# WHAT YOU NEED TO DO
Please retype the data below exactly, stopping after the line with "이와 연계해 지난 24일엔" and skipping every picture.

# SUPPLIED MATERIAL
● ● ● ● ● ● ●

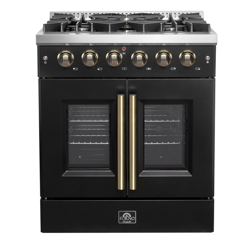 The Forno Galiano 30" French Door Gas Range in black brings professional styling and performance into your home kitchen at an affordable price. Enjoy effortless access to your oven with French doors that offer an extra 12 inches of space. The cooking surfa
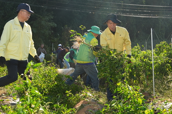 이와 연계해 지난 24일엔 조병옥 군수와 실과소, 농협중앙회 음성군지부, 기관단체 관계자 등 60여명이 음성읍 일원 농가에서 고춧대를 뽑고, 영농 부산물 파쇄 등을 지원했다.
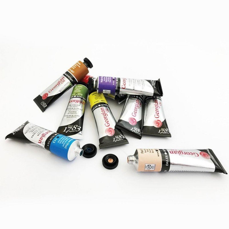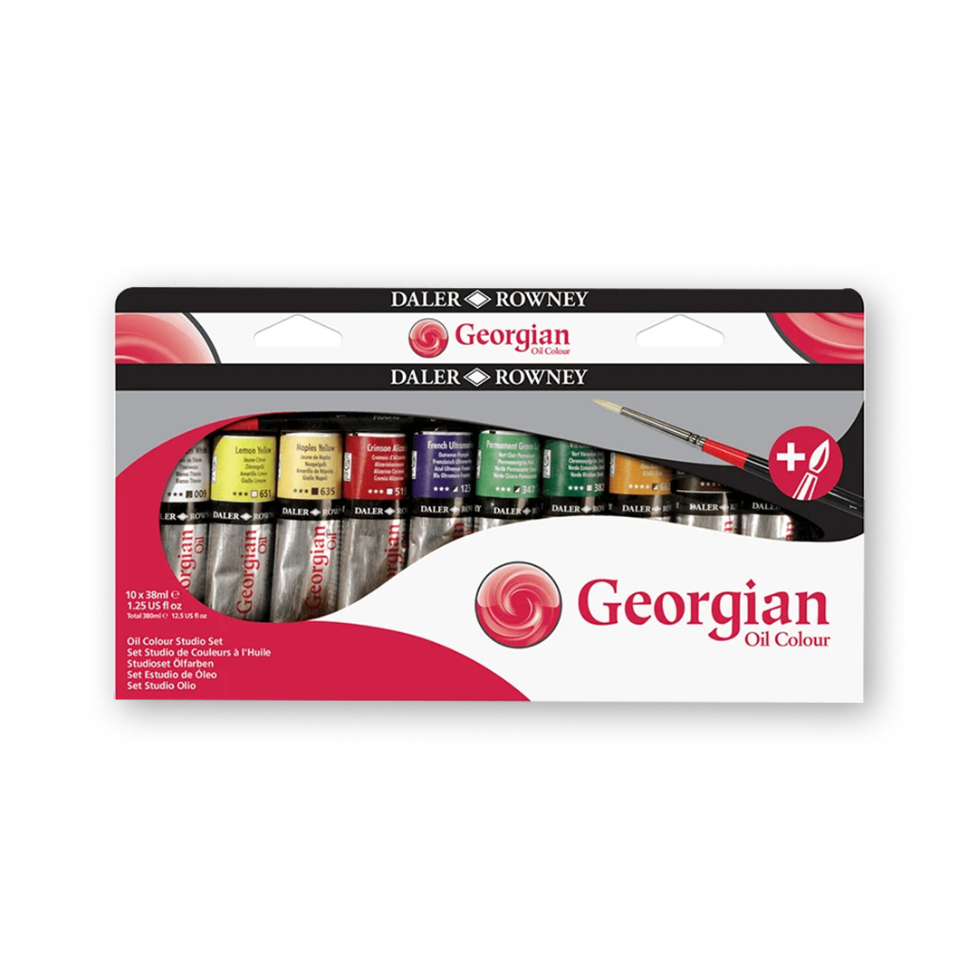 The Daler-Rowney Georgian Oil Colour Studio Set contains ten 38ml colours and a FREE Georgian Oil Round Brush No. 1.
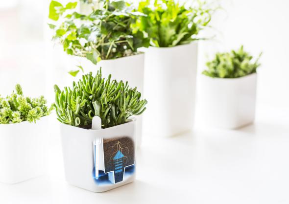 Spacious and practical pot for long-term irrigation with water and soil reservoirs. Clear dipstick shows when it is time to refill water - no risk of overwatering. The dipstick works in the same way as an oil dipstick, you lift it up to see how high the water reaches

● ● ● ● ● ● ●

# RESPONSE TO THE EXERCISE
 The Forno Galiano 30" French Door Gas Range in black brings professional styling and performance into your home kitchen at an affordable price. Enjoy effortless access to your oven with French doors that offer an extra 12 inches of space. The cooking surfa
 이와 연계해 지난 24일엔 조병옥 군수와 실과소, 농협중앙회 음성군지부, 기관단체 관계자 등 60여명이 음성읍 일원 농가에서 고춧대를 뽑고, 영농 부산물 파쇄 등을 지원했다.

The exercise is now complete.